### WHAT THE TASK ASKS
Among the records below, find the line that has "Nagrada Republike Slovenije"; from there, give the lines again exactly, and stop after the line that has "DANA will provide".

### MATERIAL TO PROCESS
☆ ☆ ☆ ☆ ☆

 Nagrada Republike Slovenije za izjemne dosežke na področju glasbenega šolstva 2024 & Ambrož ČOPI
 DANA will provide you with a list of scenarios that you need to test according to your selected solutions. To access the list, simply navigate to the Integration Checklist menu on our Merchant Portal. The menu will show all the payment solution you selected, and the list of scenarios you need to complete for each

☆ ☆ ☆ ☆ ☆

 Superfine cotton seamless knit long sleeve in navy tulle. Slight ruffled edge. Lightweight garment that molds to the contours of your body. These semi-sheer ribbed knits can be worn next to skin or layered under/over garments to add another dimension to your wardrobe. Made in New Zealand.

☆ ☆ ☆ ☆ ☆

### SOLUTION BELOW
 Nagrada Republike Slovenije za izjemne dosežke na področju glasbenega šolstva 2024 & Ambrož ČOPI
 DANA will provide you with a list of scenarios that you need to test according to your selected solutions. To access the list, simply navigate to the Integration Checklist menu on our Merchant Portal. The menu will show all the payment solution you selected, and the list of scenarios you need to complete for each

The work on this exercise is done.